- EXERCISE AIM -
I'd like the data beneath this line reproduced exactly, without any of its images.
───── SOURCE MATERIAL ─────
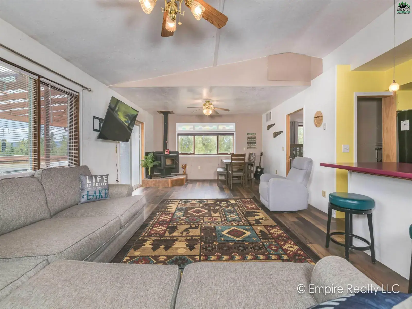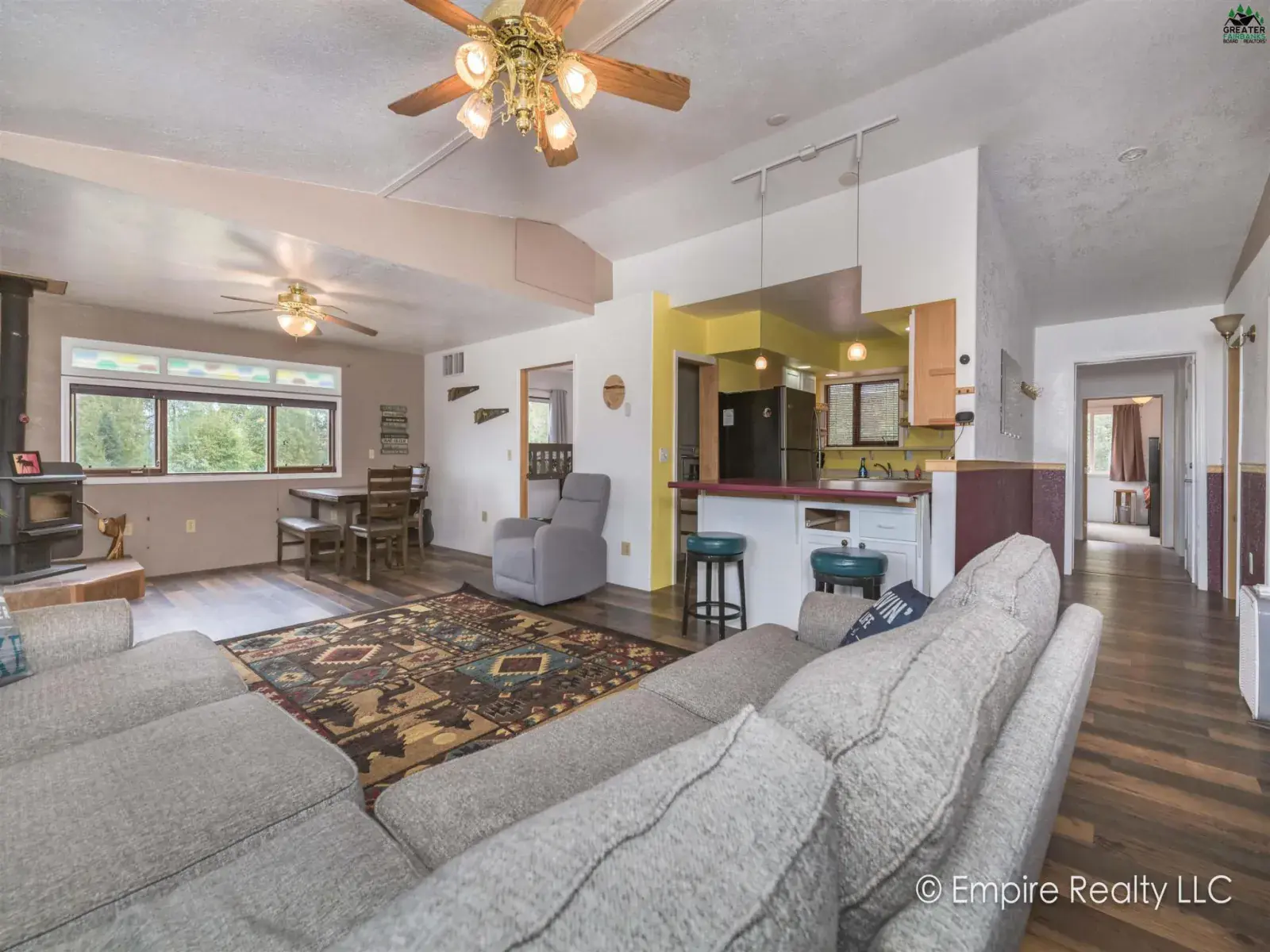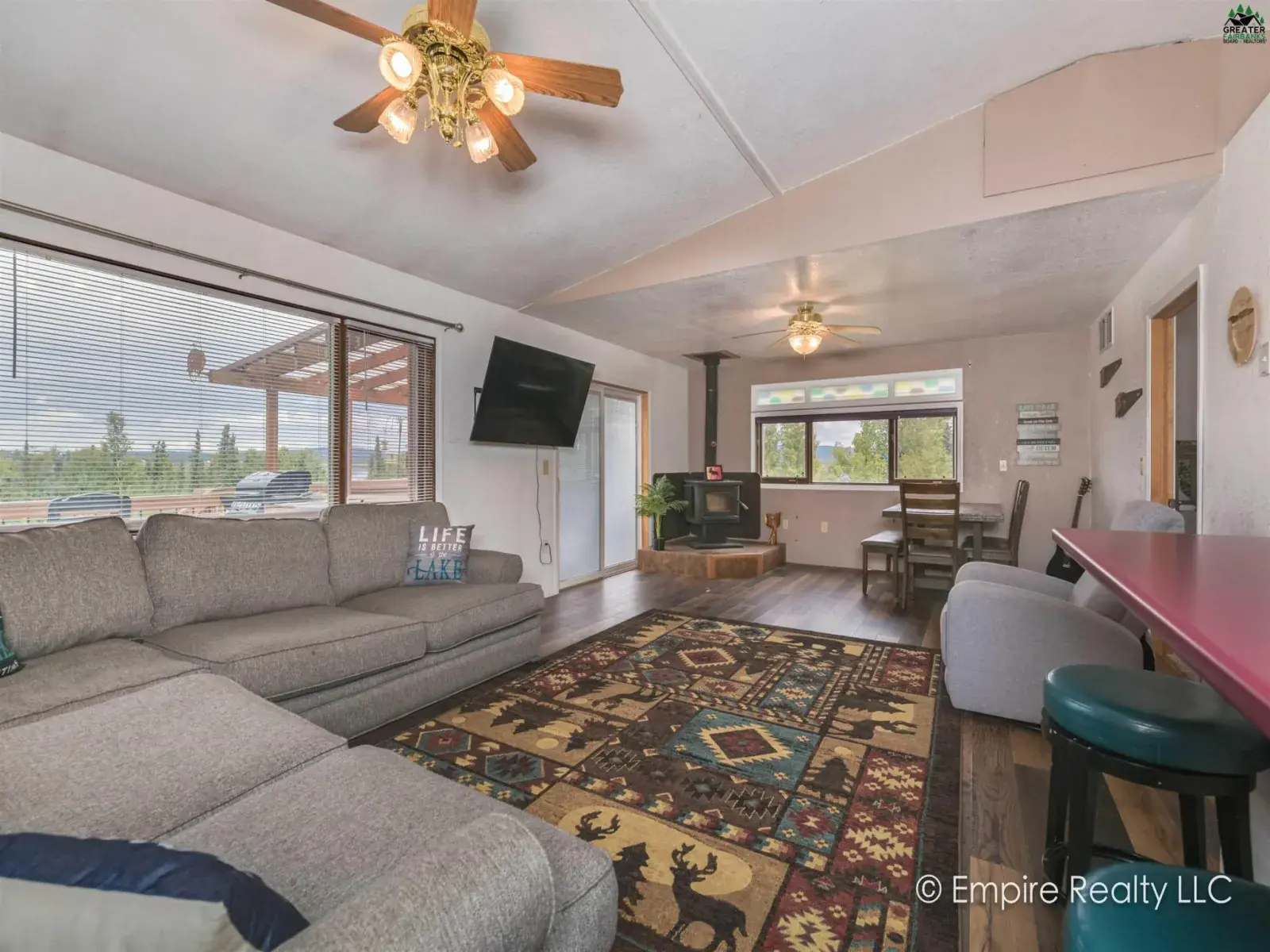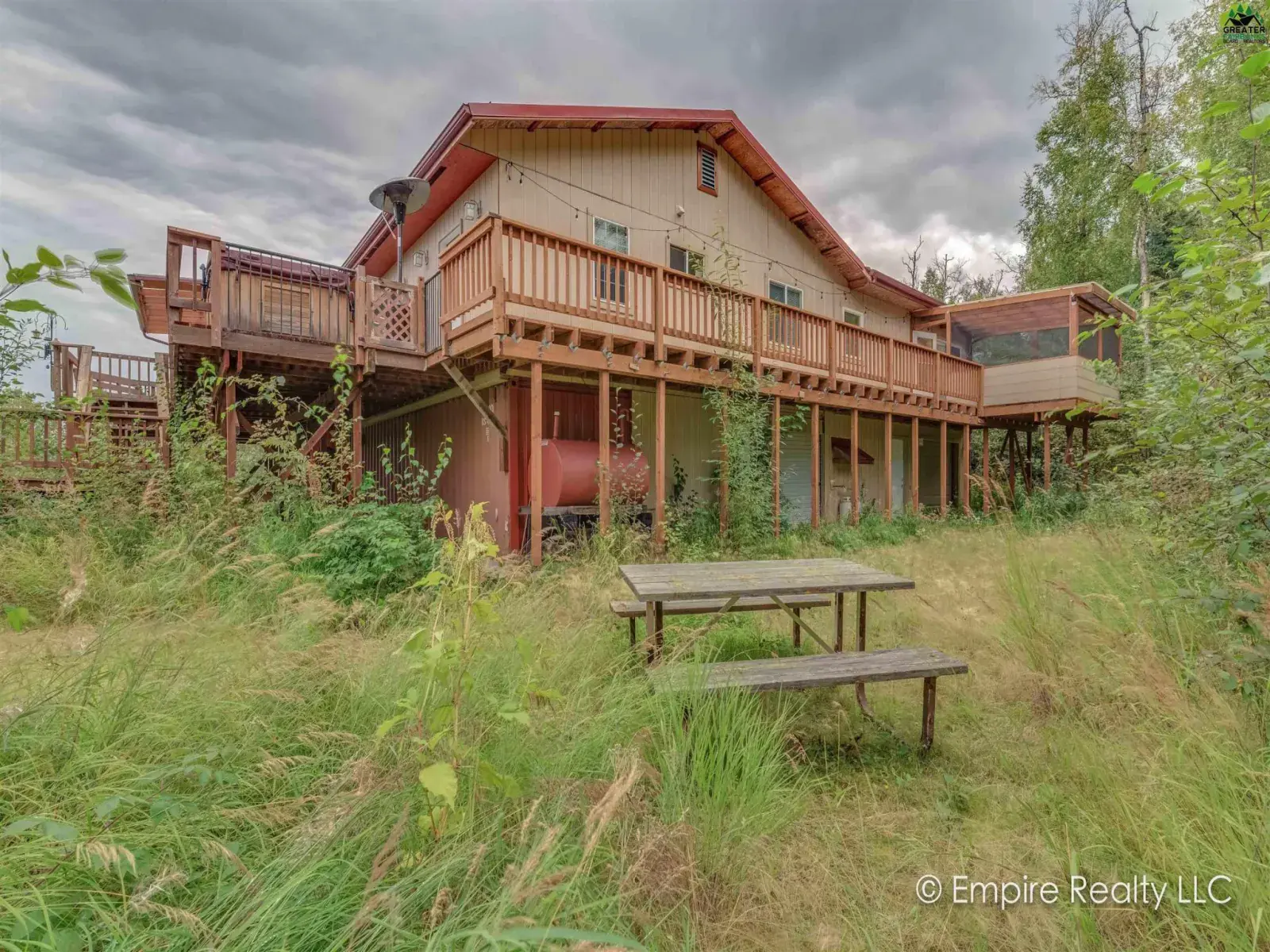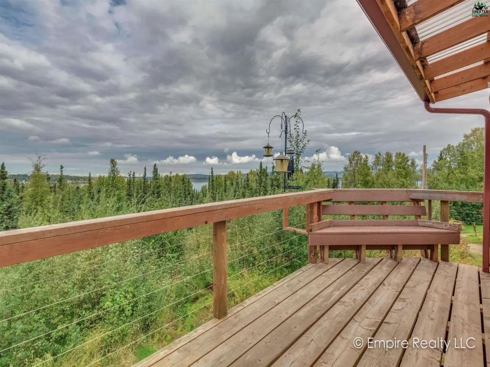 It is hard to beat a year round home with a view of Harding Lake for interior Alaska living! This three bed, one bath, two car garage home is just waiting for new owners. Enjoy the open and comfortable kitchen, dining and living area while you snuggle around the wood stove or during our beautiful summer days retire to the absolutely enormous deck for dinner and conversation with friends. The property offers a ton of storage – take your pick of either of two connex storage containers (one with electricity) or the dry storage in between. Of course, the garage is oversized for two cars anyway so there is more room to store there, too. The largest bedroom is removed from the others and has private access to a screened in portion of the deck. The house has been used an a bnb in the past and the furnishing are negotiable.
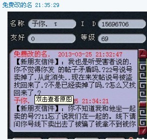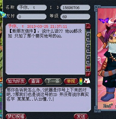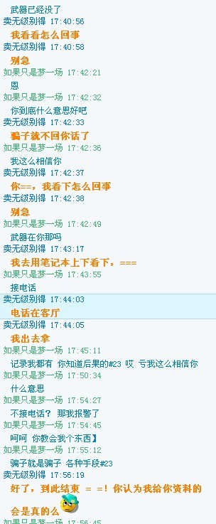 我问他,这个人你认识?他说不认识,只是聊了一下,不过对方愿意先武器,后钱。。我更觉得事情不太妙,所以我对他说:梦幻交易物品3天后无法找回。叫他小心一点。所以我朋友在22号的晚上10点给卖家打了5000快。然后拿到了武器。他创建了个19J的小号拿了大黄刀砍了69的在我面前得瑟。上图为证:
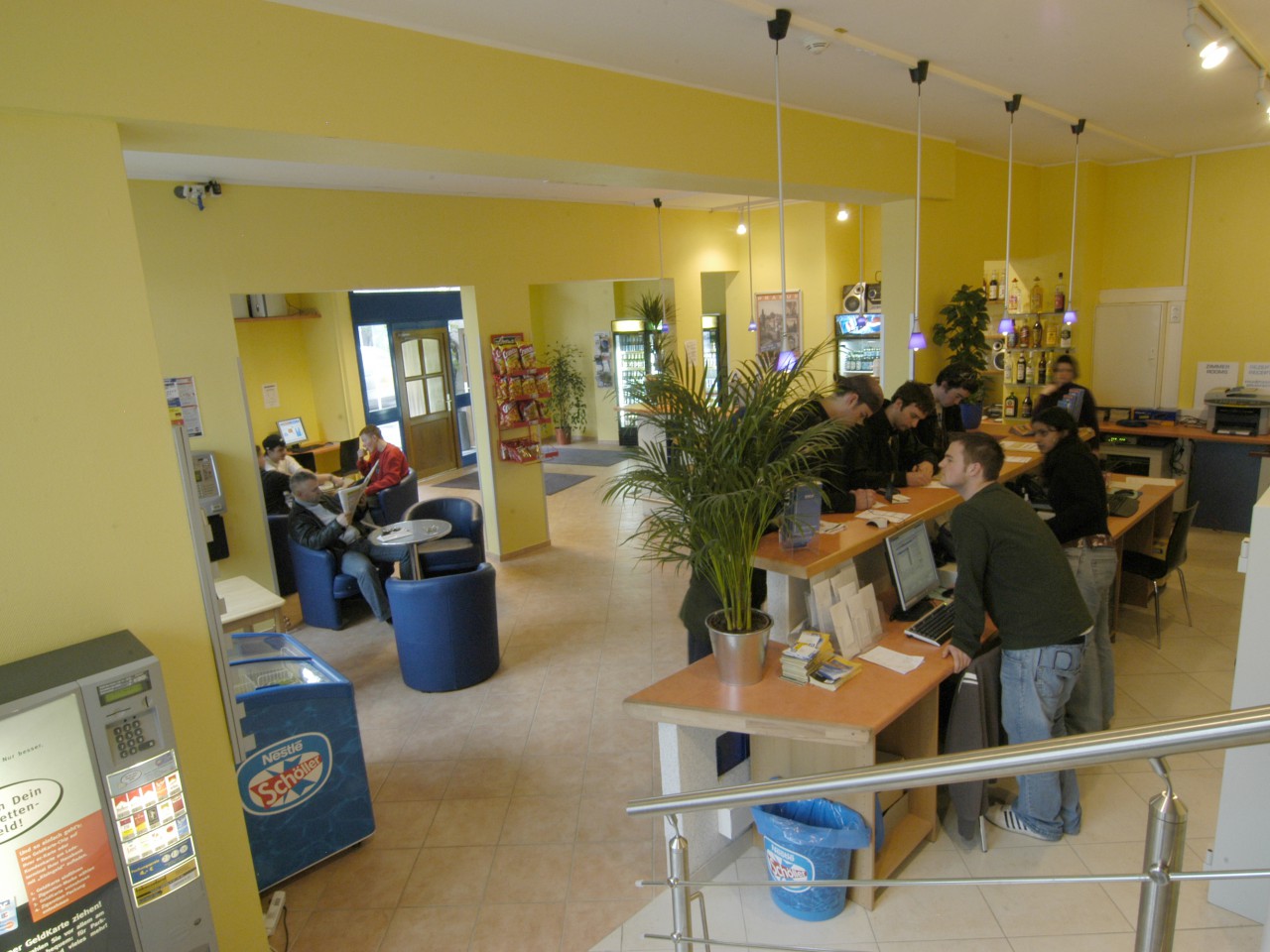 Рядом с просторным секретариатом находятся студенческая библиотека - место встречи с одноклассниками и друзьями во время перемен и после занятий. Наслаждайтесь чашкой кофе или холодными напитками в нашем кафетерии. Светлые классы находятся на 3 и 4 этаже здания. Все классные помещения оснащены современным аудиовизуальным оборудованием и рассчитаны на максимум 15 человек. На открытой терассе Вы можете отдохнуть на солнце или поиграть в настольный теннис.
─────
- THE ANSWER -
 It is hard to beat a year round home with a view of Harding Lake for interior Alaska living! This three bed, one bath, two car garage home is just waiting for new owners. Enjoy the open and comfortable kitchen, dining and living area while you snuggle around the wood stove or during our beautiful summer days retire to the absolutely enormous deck for dinner and conversation with friends. The property offers a ton of storage – take your pick of either of two connex storage containers (one with electricity) or the dry storage in between. Of course, the garage is oversized for two cars anyway so there is more room to store there, too. The largest bedroom is removed from the others and has private access to a screened in portion of the deck. The house has been used an a bnb in the past and the furnishing are negotiable.
 我问他,这个人你认识?他说不认识,只是聊了一下,不过对方愿意先武器,后钱。。我更觉得事情不太妙,所以我对他说:梦幻交易物品3天后无法找回。叫他小心一点。所以我朋友在22号的晚上10点给卖家打了5000快。然后拿到了武器。他创建了个19J的小号拿了大黄刀砍了69的在我面前得瑟。上图为证:
 Рядом с просторным секретариатом находятся студенческая библиотека - место встречи с одноклассниками и друзьями во время перемен и после занятий. Наслаждайтесь чашкой кофе или холодными напитками в нашем кафетерии. Светлые классы находятся на 3 и 4 этаже здания. Все классные помещения оснащены современным аудиовизуальным оборудованием и рассчитаны на максимум 15 человек. На открытой терассе Вы можете отдохнуть на солнце или поиграть в настольный теннис.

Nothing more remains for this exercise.